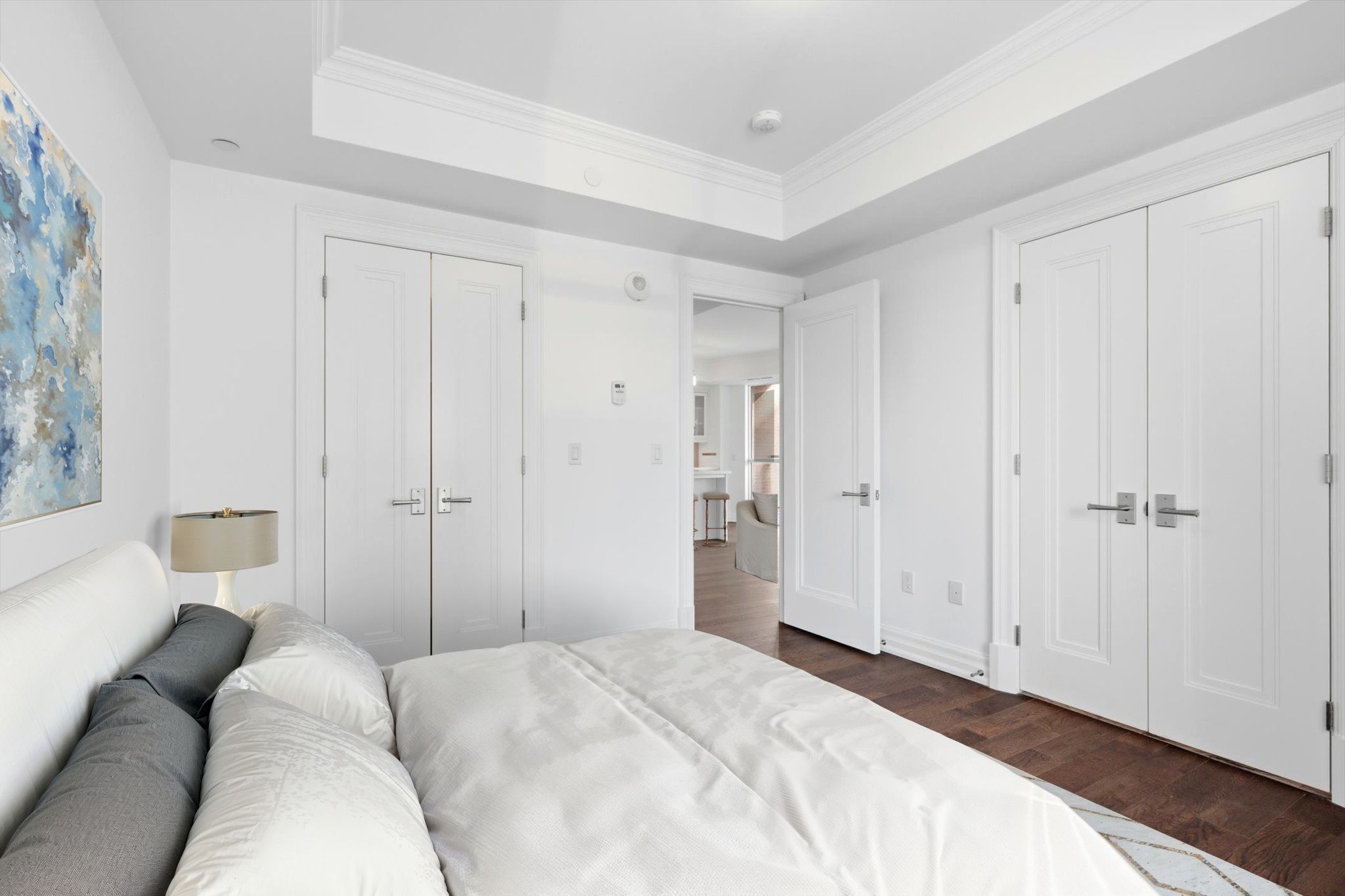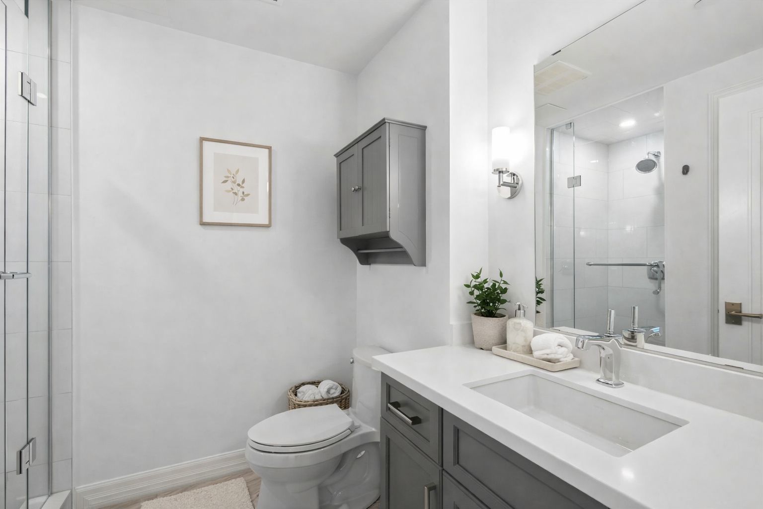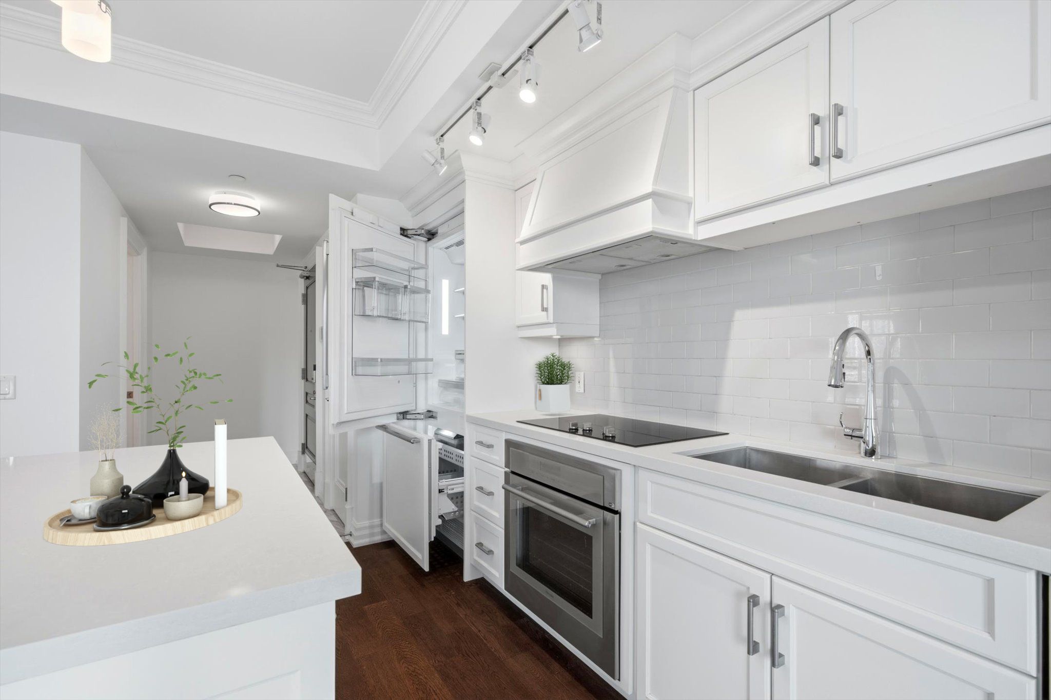 • Luxurious finishes include quartz countertops and engineered hardwood flooring.
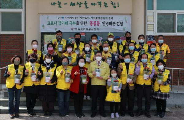 영동군자원봉사센터가 코로나19 사태로 불편과 어려움을 겪고 있는 군민들을 위해 꽃 화분을 나누며 지역사회 곳곳에 웃음과 행복을 전하고 있다.
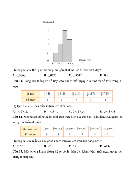 Câu 12. Một người thống kê lại thời gian thực hiện các cuộc gọi điện thoại của người đó trong một tuần như sau:
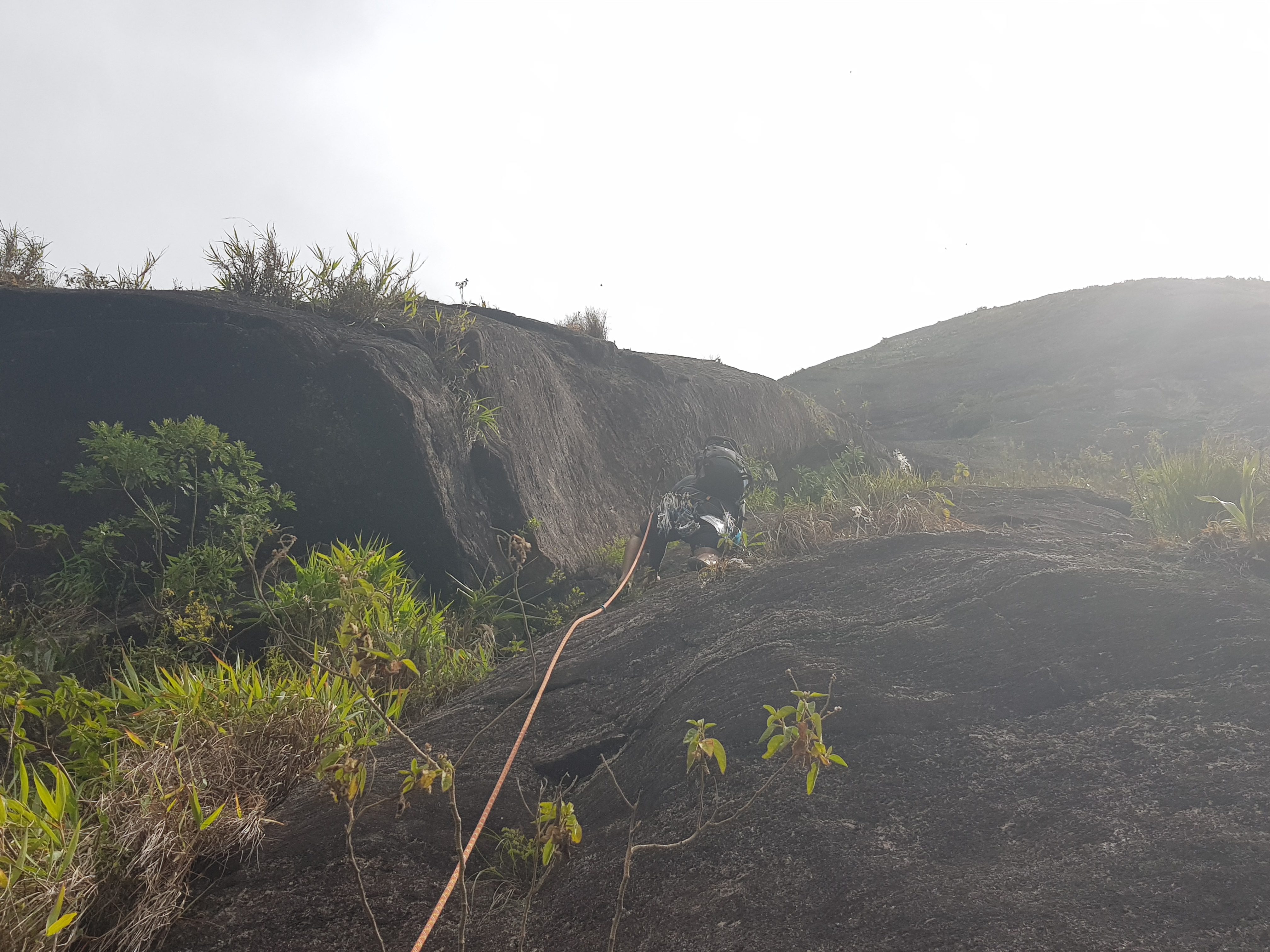 Na ponta da corda, o Juliano seguia de perto as recentes marcas de magnésio que demonstravam as melhores agarras com o Willian sendo devorado vivo pelos mosquitos enquanto dava segue.
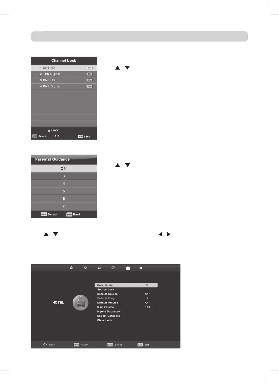 Pulse / para seleccionar Bloqueo de Canal luego presione el bo-
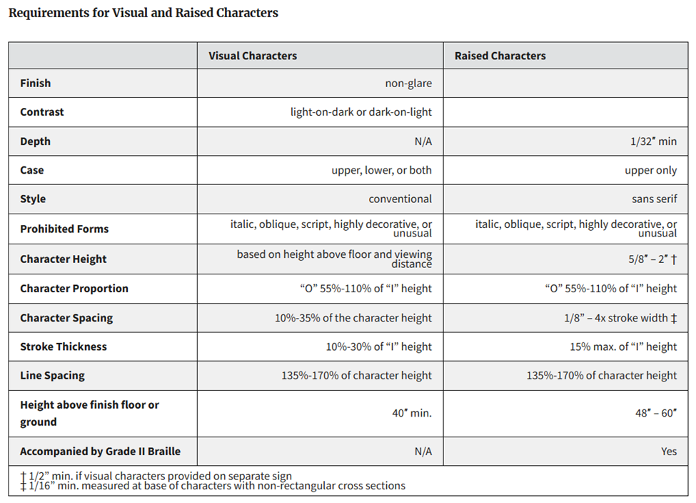 • Sans-serif, non-decorative fonts (ADA 703.5 guidelines)
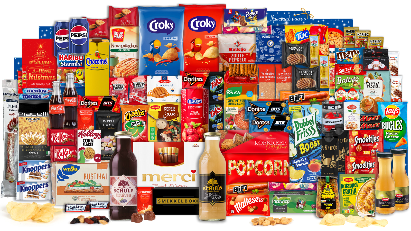 De indrukwekkende variatie aan producten zorgt ervoor dat je geen enkele boodschap meer hoeft te doen. Het pakket bevat zowel zoete verwennerijen zoals Maltesers en Merci chocolade als hartige snacks waaronder Croky chips en Tuc crackers. Voor de warme dranken is gezorgd met Douwe Egberts koffie en Pickwick thee, terwijl de koude verfrissing komt van Coca Cola, Pepsi en verschillende vruchtensappen.
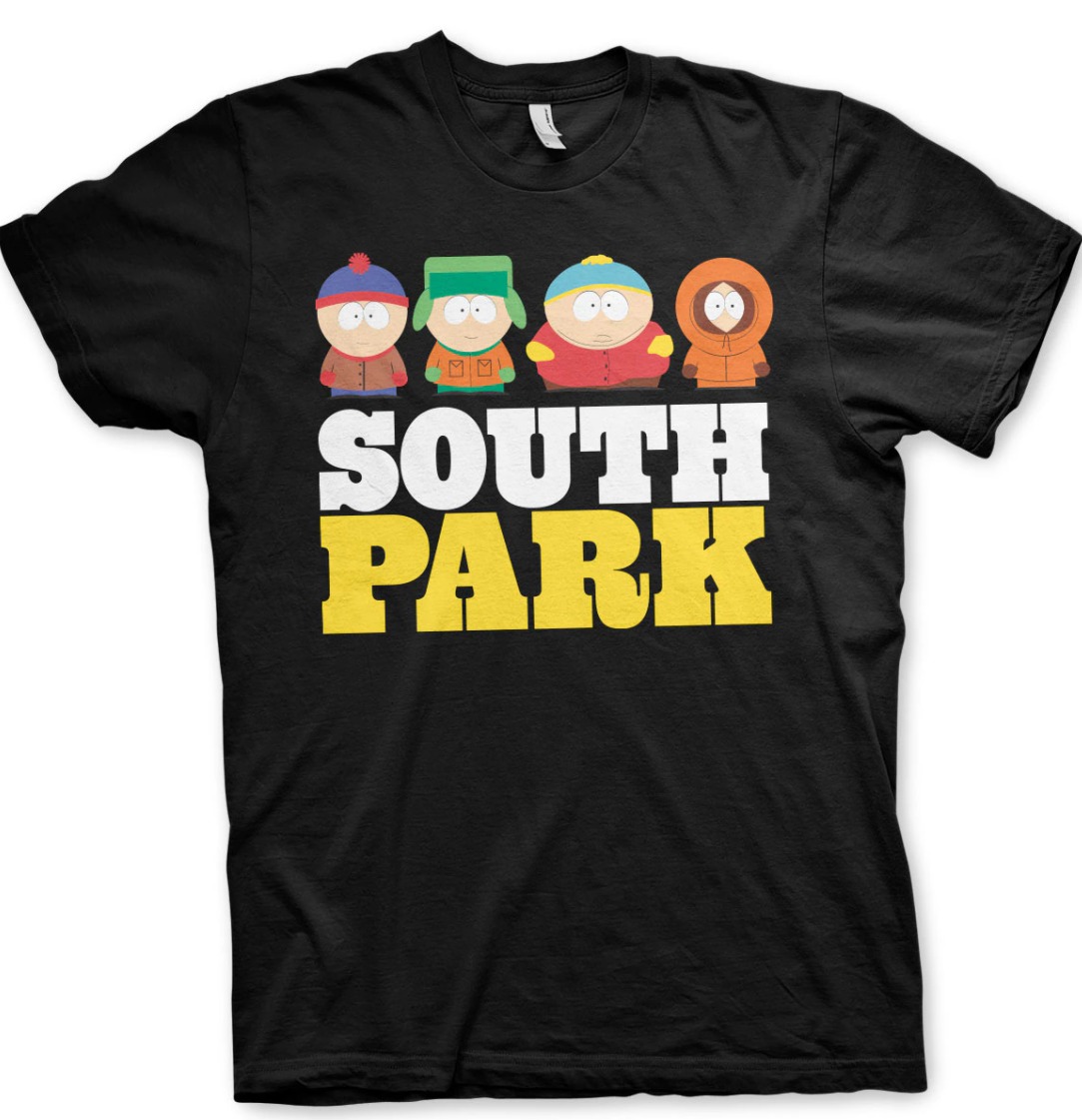 Licencované černé pánské tričko z komediálního seriálu Městečko South Park. Na tričku jsou čtyři hlavní postavy - Kenny, Kyle, Cartman a Stan. Pod nimi je nápis South Park.
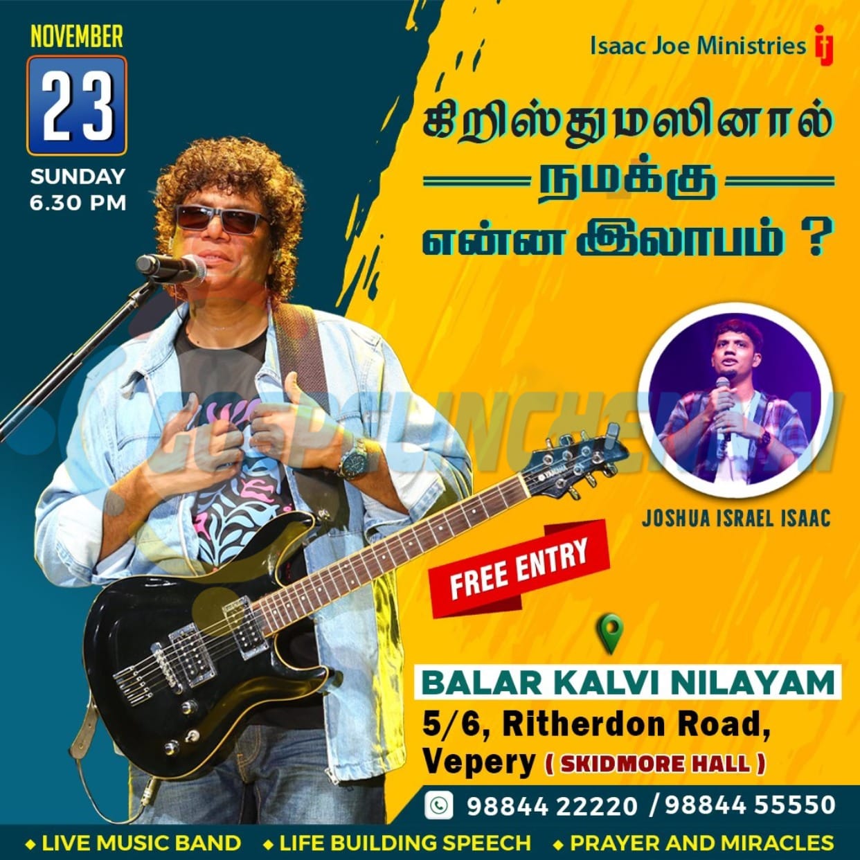 Home EVENTS Benefit of Christmas Benefit of Christmas Phone 9884422220The event is finished. DateNov 23 2025 SundayExpired! Time 6:30 pm LabelsNEW LocationBKN Auditorium,Ritherdon Road, Periamet, Vepery, Chennai, Tamil Nadu, IndiaShare this event Weather Mist 83 °F °MetricWind: 11 MPHHumidity: 89 %Feels like: 92 °F X
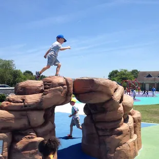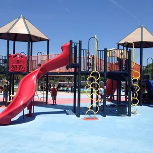 I love how this playground has different age zones. Brought my niece and nephew here to help with their energy lol and they love it here. They have an area just for swings, an area with slides and other cool fun kid stuff and another area with rock like structure for kids to climb. What I like the most is that there is benches for us to sit and watch the kids while they go crazy running around.
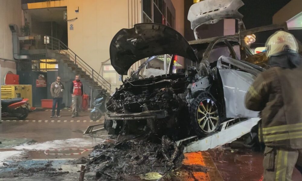 Kısa bir süre sonra şarj olan otomobilde bilinmeyen nedenle patlama meydana geldi. Patlamanın ardından otomobil alev alev yandı. Çevredekilerin ihbarı üzerine adrese itfaiye, acil sağlık ve polis ekipleri geldi. Alevler itfaiye ekiplerinin müdahalesiyle söndürüldü. Sağlık ekiplerinin kontrollerinde yangında yaralanan kimsenin olmadığı belirlendi. Kullanılamaz hale gelen otomobil, çekici yardımıyla bulunduğu yerden kaldırıldı. Yangının çıkış nedenine ilişkin inceleme başlatıldı.
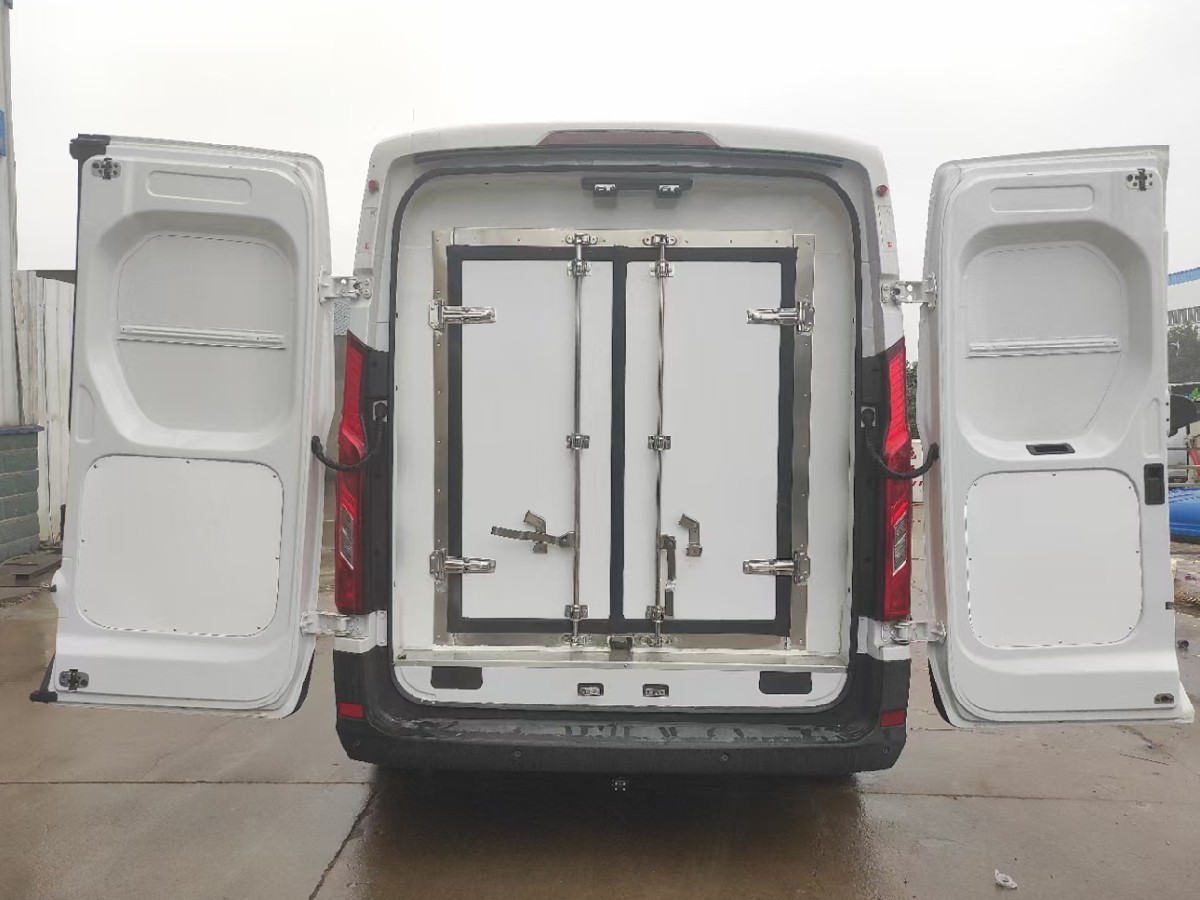 (2)廂板材質:內外壁板選用國內優質玻璃鋼(不吸光、隔熱性好、硬度強、抗氧化);中間保溫層為XPS擠塑聚笨板;廂體厚度8CM。地板采用鋁花紋板,門邊條采用迷宮式橡膠密封條。
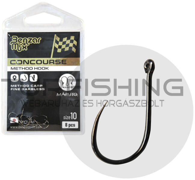 Benzár Concourse Method Carp Fine Barbless horog A Benzár Concourse horogszéria a legjobb minőségű, japánban készült horgokat öleli fel, melyek között elsősorban a method feeder technika kedvelői találhatják meg a nekik leginkább megfelelő variánst. A Fine Carp típus, ahogyan arra a neve is utal, egy kifejezetten a finom method horgászathoz optimalizált modell, amely vékonyh
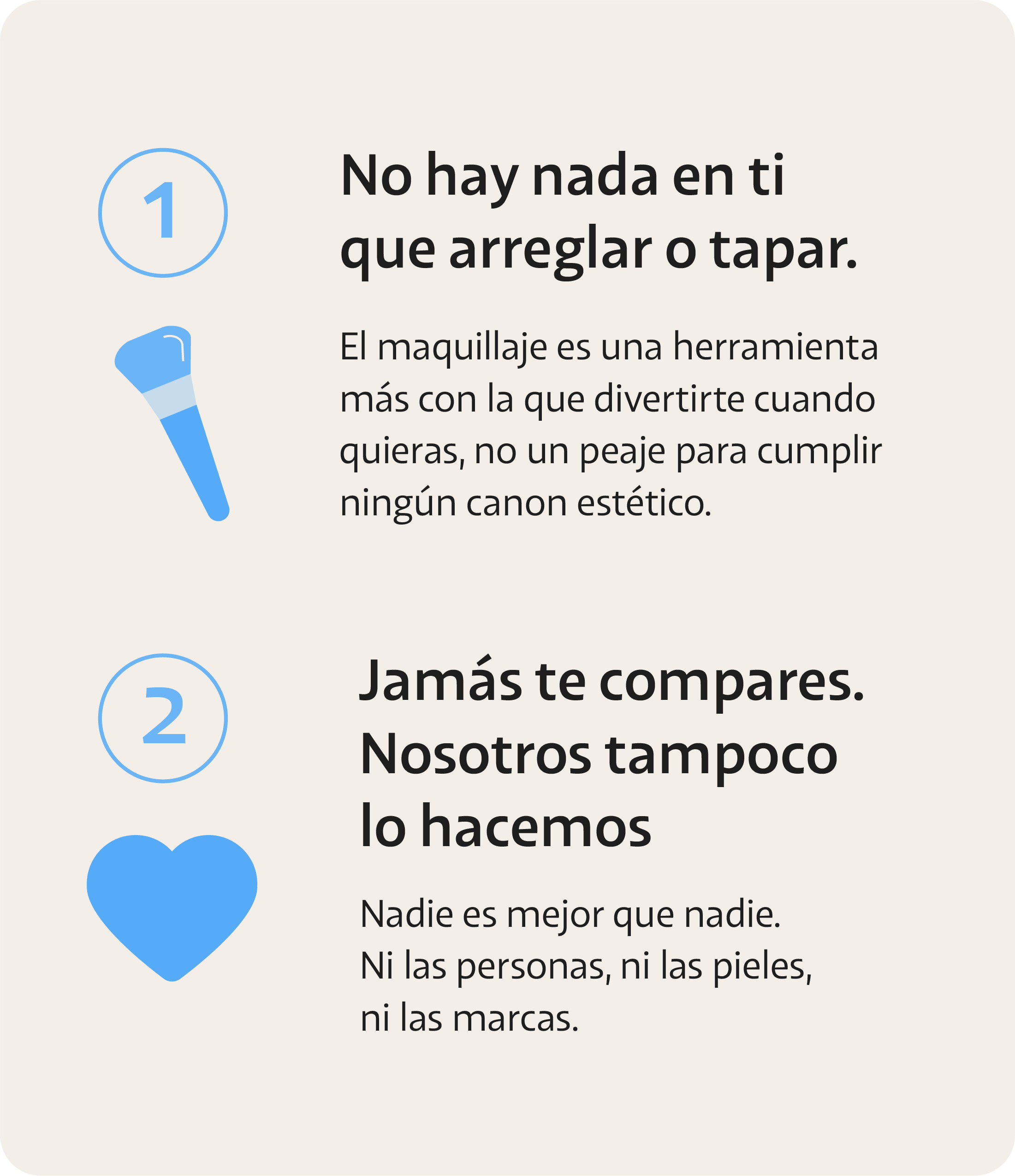 Y recordarte a menudo que el maquillaje no es una goma de borrar, sino un pincel para realzar lo que te apetezca y cuando te apetezca, porque tú ya eres genial sin él.
────────
» WHAT THIS TASK INVOLVES
Every line above between the one containing "De indrukwekkende variatie" and the one containing "Home EVENTS Benefit", those two included, is to be printed exactly. No pictures go into the copy.

» ANSWER SPACE
 De indrukwekkende variatie aan producten zorgt ervoor dat je geen enkele boodschap meer hoeft te doen. Het pakket bevat zowel zoete verwennerijen zoals Maltesers en Merci chocolade als hartige snacks waaronder Croky chips en Tuc crackers. Voor de warme dranken is gezorgd met Douwe Egberts koffie en Pickwick thee, terwijl de koude verfrissing komt van Coca Cola, Pepsi en verschillende vruchtensappen.
 Licencované černé pánské tričko z komediálního seriálu Městečko South Park. Na tričku jsou čtyři hlavní postavy - Kenny, Kyle, Cartman a Stan. Pod nimi je nápis South Park.
 Home EVENTS Benefit of Christmas Benefit of Christmas Phone 9884422220The event is finished. DateNov 23 2025 SundayExpired! Time 6:30 pm LabelsNEW LocationBKN Auditorium,Ritherdon Road, Periamet, Vepery, Chennai, Tamil Nadu, IndiaShare this event Weather Mist 83 °F °MetricWind: 11 MPHHumidity: 89 %Feels like: 92 °F X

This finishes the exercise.